York Health Economics Consortium
UK

Title: Challenges in using patient reported outcome measures in rare diseases research

Biography

Biography: Andria Hanbury

Abstract

Statement of the problem. Challenges in developing patient reported outcomes strategies for orphan drugs include identifying, recruiting and retaining patients in clinical trials, often from multiple countries. Study design issues including identifying suitable end points and comparators, and then how to measure selected end points. Often there will not be a suitable patient reported outcome measure (PRO) already available, leading to the need to invest time and resource in developing a new PRO, or in identifying, adapting and validating existing measures. Nonetheless, PROs, which are an increasingly important endpoint for clinical trials in general, are especially important for rare diseases research, where the patients’ quality of life is often a primary end point. Whilst generic off the shelf PROs do exist, disease specific PROs are preferable in that they pick up on the nuance of living with a specific rare disease, and, essentially, measure what is important to patients.
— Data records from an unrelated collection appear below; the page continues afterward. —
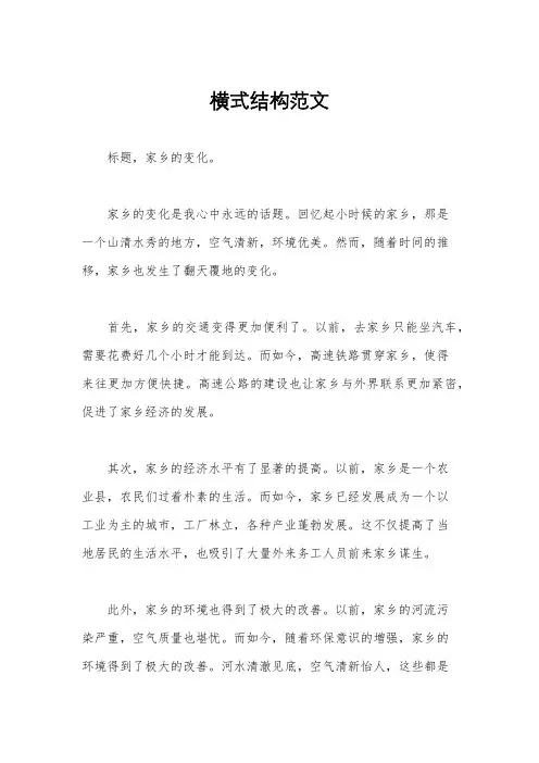 作文的横式结构作者:赵华来源:《作文周刊·高二版》2011年第49期笔者从考场作文的实际需要出发,着重围绕作文的横式结构给大家介绍几种关于写作记叙文和议论文的常用结构技法。
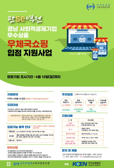 이에 모두의경제사회적협동조합은 네트워크 및 역량을 활용해 이번 사업을 홍보하고, 한국우편사업진흥원에 경남 사회적경제기업의 정보제공 및 우수상품 추천으로 경남 사회적경제기업의 온라인 판로개척을 지원한다.
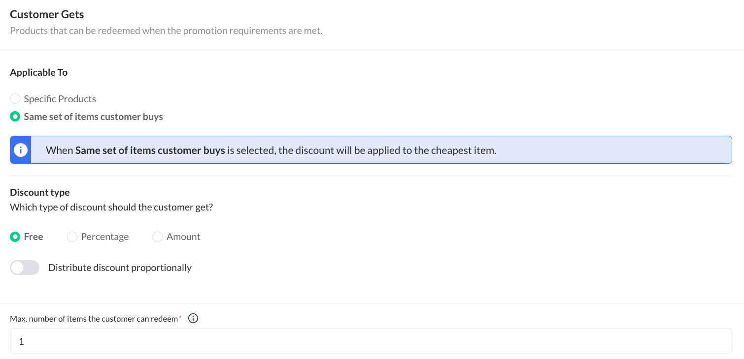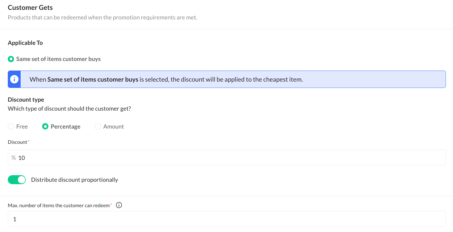 - Same set of Customer Buys: the promotion will be applied to the cheapest item from the set the customer is buying (e.g. buy 2 T-shirts of a specific brand and get 10% of discount on the 3rd one)

Indeed, researchers and clinicians’ may not always be wholly cognizant of the nuances of living with a rare disease; this is why patient involvement in the development of a PRO is an important criteria on which PROs within trials are judged by regulatory bodies. Recommendations. To facilitate the identification and subsequent development or adaptation and validation of a robust PRO, patient advocacy groups can play a pivotal role in gaining support for a study and advising on patient recruitment. However, expertise is also needed in systematically reviewing PROs to identify whether there are any existing and robust measures available. And, if there are not, psychometric expertise is then also needed in PRO development and or adaptation and validation, including potentially the validation process for migrating from paper based PROs to electronic PROs. As each of these components at the study design stage is often an unknown, and takes time to do robustly, early stage consideration of the patient reported outcomes strategy is especially important for rare diseases research. This presentation will outline these issues, with the aim of raising awareness of the challenges and facilitating timely consideration regarding the involvement of PROs in rare diseases research.